YOUR OBJECTIVE:
Each line in the material below, starting at the one that contains "operos pastatymas Chicagoj." and ending at the one that contains "Свириденко провела зустріч", should be repeated exactly; the pictures should not.

INPUT:
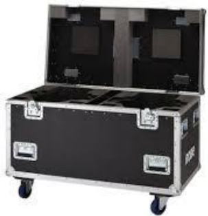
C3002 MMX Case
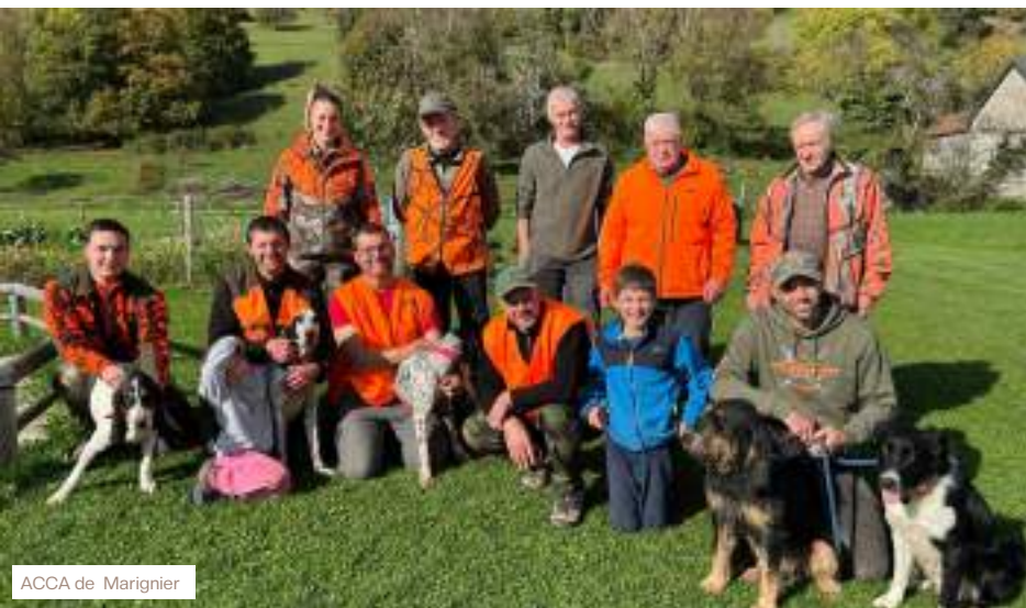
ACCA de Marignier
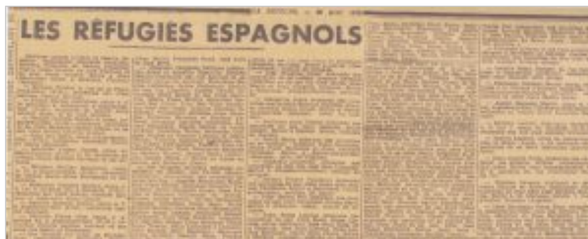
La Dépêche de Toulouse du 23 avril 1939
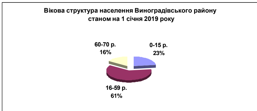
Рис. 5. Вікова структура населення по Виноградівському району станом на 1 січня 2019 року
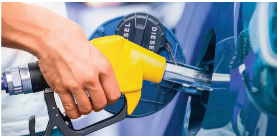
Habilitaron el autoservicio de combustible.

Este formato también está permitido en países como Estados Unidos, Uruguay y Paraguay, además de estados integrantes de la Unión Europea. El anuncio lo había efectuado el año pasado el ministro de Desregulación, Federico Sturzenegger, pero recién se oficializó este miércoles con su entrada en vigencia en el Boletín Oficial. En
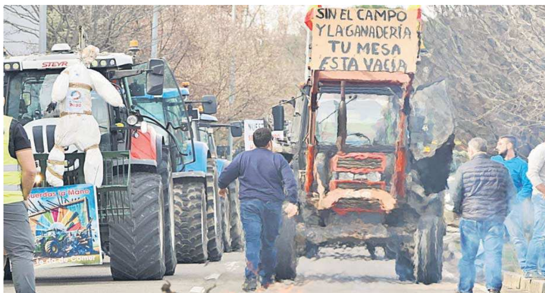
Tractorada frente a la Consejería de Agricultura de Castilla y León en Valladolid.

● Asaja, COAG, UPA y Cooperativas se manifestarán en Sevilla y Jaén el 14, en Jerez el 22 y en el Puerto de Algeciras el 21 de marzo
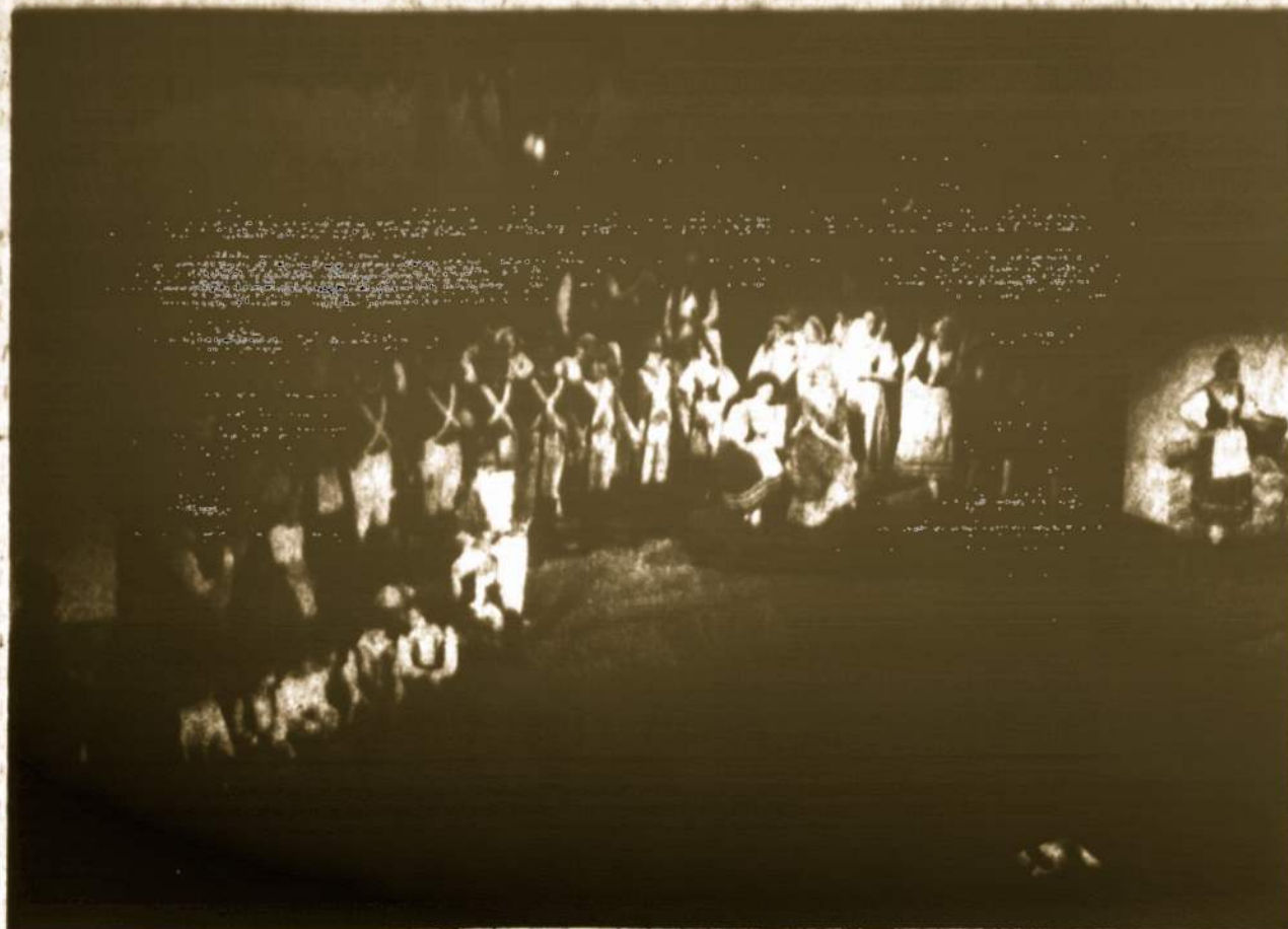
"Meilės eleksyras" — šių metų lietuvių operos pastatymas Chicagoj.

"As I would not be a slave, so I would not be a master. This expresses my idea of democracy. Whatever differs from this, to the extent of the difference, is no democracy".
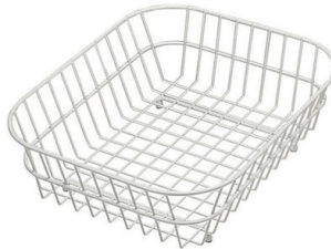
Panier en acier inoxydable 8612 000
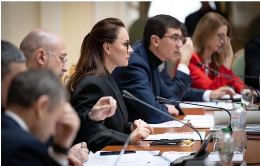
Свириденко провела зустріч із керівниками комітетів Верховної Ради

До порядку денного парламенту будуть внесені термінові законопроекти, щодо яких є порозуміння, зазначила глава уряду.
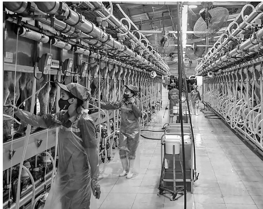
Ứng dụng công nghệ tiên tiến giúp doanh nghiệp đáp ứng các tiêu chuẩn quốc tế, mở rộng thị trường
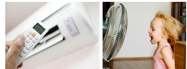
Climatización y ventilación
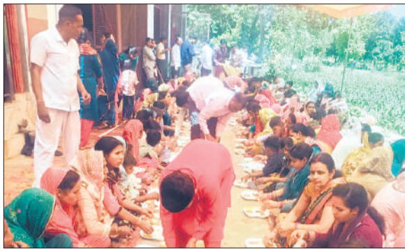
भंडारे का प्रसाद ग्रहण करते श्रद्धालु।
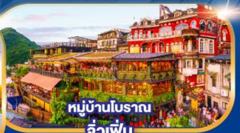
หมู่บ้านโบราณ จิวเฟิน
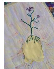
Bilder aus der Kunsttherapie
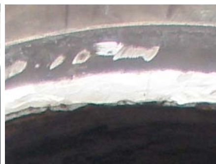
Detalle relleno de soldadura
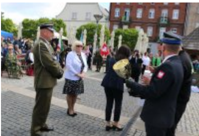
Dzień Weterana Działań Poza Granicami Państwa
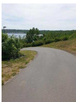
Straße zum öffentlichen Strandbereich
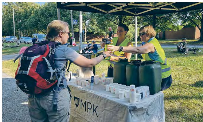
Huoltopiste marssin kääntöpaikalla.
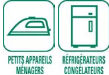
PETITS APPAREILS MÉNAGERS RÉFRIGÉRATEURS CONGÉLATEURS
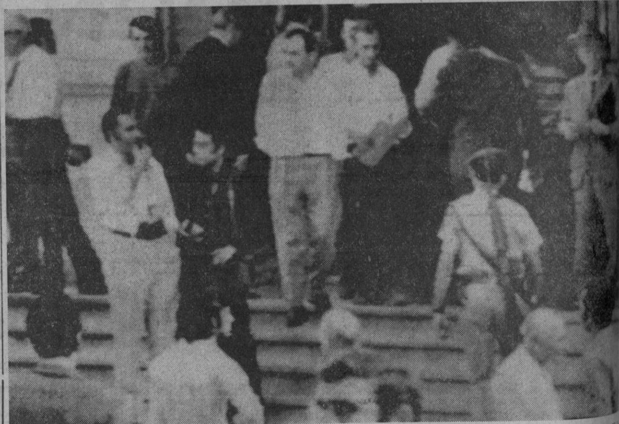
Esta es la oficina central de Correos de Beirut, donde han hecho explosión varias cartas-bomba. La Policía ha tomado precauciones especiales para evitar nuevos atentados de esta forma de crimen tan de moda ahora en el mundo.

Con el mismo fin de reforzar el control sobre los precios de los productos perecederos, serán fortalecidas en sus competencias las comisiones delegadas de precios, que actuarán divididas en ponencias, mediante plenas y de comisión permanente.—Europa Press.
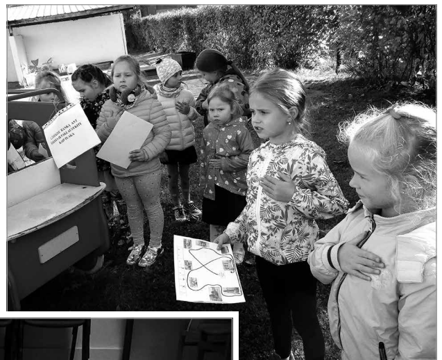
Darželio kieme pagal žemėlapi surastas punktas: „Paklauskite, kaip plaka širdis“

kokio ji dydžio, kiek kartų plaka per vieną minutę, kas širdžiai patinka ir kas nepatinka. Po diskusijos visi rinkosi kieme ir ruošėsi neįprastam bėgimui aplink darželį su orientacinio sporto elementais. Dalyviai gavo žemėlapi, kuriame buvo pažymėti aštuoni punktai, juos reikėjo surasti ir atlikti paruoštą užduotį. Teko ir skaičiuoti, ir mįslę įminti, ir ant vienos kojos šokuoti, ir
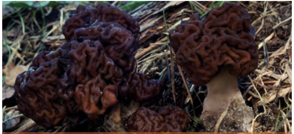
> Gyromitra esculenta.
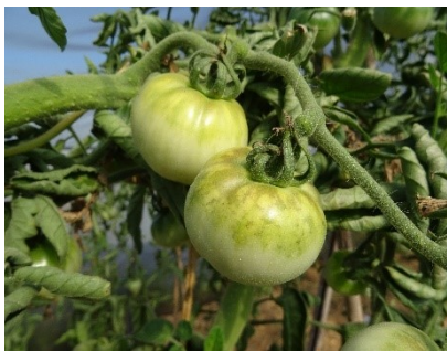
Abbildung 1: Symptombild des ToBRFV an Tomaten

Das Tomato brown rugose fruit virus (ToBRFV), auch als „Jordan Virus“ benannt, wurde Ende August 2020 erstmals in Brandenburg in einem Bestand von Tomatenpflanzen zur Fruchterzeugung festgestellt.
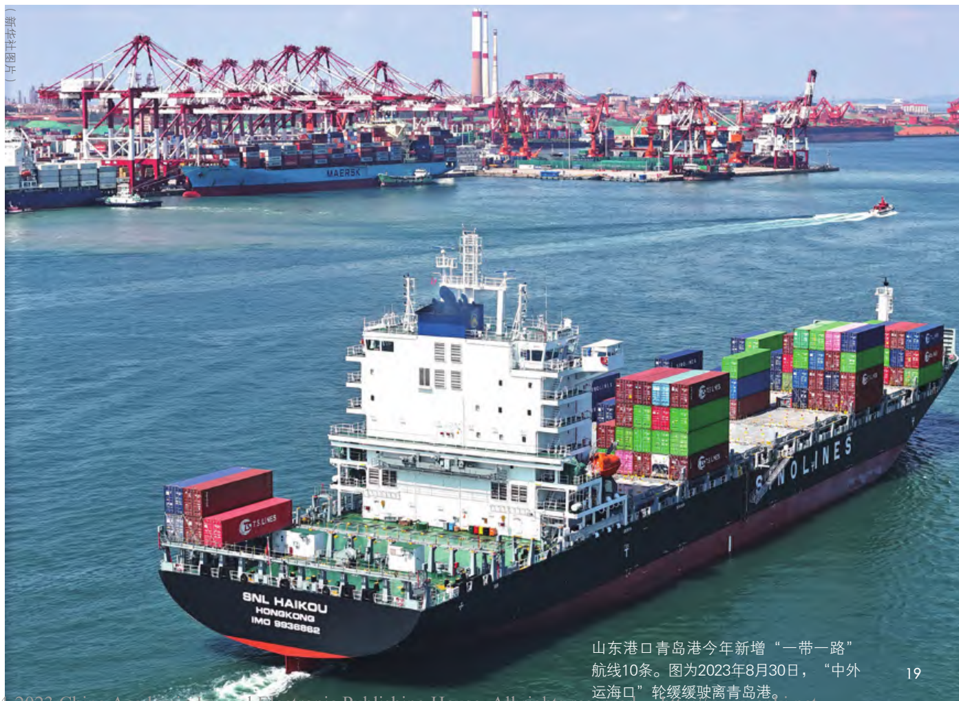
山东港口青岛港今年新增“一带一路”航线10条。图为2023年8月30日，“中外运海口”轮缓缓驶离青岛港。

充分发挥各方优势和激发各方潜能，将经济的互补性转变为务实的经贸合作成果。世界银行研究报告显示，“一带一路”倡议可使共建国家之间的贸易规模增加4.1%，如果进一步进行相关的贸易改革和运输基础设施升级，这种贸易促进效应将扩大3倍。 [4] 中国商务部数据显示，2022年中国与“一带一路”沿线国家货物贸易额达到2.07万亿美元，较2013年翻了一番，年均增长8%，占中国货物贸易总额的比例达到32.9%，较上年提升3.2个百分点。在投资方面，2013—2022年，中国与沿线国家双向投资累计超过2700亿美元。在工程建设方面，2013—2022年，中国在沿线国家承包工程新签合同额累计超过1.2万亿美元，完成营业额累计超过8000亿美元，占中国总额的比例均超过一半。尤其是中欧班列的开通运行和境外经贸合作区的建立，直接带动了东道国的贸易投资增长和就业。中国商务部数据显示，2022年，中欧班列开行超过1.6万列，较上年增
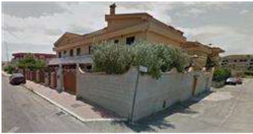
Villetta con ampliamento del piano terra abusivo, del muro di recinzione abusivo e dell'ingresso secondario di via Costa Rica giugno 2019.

YOUR RESPONSE:
"Meilės eleksyras" — šių metų lietuvių operos pastatymas Chicagoj.

"As I would not be a slave, so I would not be a master. This expresses my idea of democracy. Whatever differs from this, to the extent of the difference, is no democracy".
Panier en acier inoxydable 8612 000
Свириденко провела зустріч із керівниками комітетів Верховної Ради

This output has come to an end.